- Born: October 25, 1866 Fredericksburg, Virginia, U.S.
- Died: September 30, 1948 (aged 81) Washington, D.C., U.S.
- Known for: Vitascope

= Thomas Armat =

American mechanic and inventor (1866–1948)

Thomas J. Armat (October 25, 1866 – September 30, 1948) was an American mechanic and inventor, a pioneer of cinema best known through the co-invention of the Edison Vita.
==Education==
Armat studied at the Mechanics Institute in Richmond, Virginia and then in 1894 at the Bliss Electrical School in Washington, D.C., where he met Charles Francis Jenkins. The two classmates teamed up to develop a movie projector using a new kind of intermittent motion mechanism, a "beater mechanism" similar to the one patented 1893 by Georges Demenÿ in France. It was one of the first projectors using what is known as the Latham loop (an extra loop of the film before the transport mechanism to reduce the tension on the film and avoid film breakage, developed independently at the same time by Woodville Latham and his sons). They made their first public projection using their invention, named Phantoscope after an earlier model designed by Jenkins alone, in September 1895 at the Cotton States and International Exposition in Atlanta.
==Controversy==
Following this success, the two co-inventors broke up over patent issues. Jenkins tried to claim sole inventorship, but was turned down and sold out to Armat, who subsequently joined and sold the patent to Thomas Edison, who marketed the machine as the 'Vitascope'. The projector was used in a public screening in New York City beginning April 23, 1896 and lasting more than a week.

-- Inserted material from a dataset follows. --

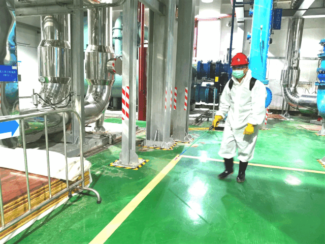 在党员先锋队和青年战疫突击队的凝聚引领下,运营团队成员充分发扬担当精神,勠力同心形成团队合力。为保障客户24小时用冷,冷站运营团队按“四班三倒”组织生产运行,除了常规的设备操作巡查外,还将疫情防控工作细化到每个班次的必做事项中。每日对生产区域进行防疫消杀,每班次对办公区域、设备、工器具、电梯和生产车辆进行杀菌消毒。在加强团队自身防疫安全措施和健康监测的基础上,大幅提高机房巡检和空调系统杀菌消毒频次,加大送排风量,确保空气质量,将病毒传播风险降至最低。

Working for Edison, Armat refined the projector in 1897 by replacing the beater mechanism with a more precise Geneva drive, duplicating an invention made a year earlier in Germany by Oskar Messter and Max Griewe and in England by Robert William Paul.

In 1947, Armat and William Nicholas Selig, Albert E. Smith and George Kirke Spoor were awarded a Special Academy Award as representatives of the movie pioneers for their contributions to the film business.

He died on September 30, 1948.

In 2011, he was inducted, posthumously, into the National Inventors Hall of Fame.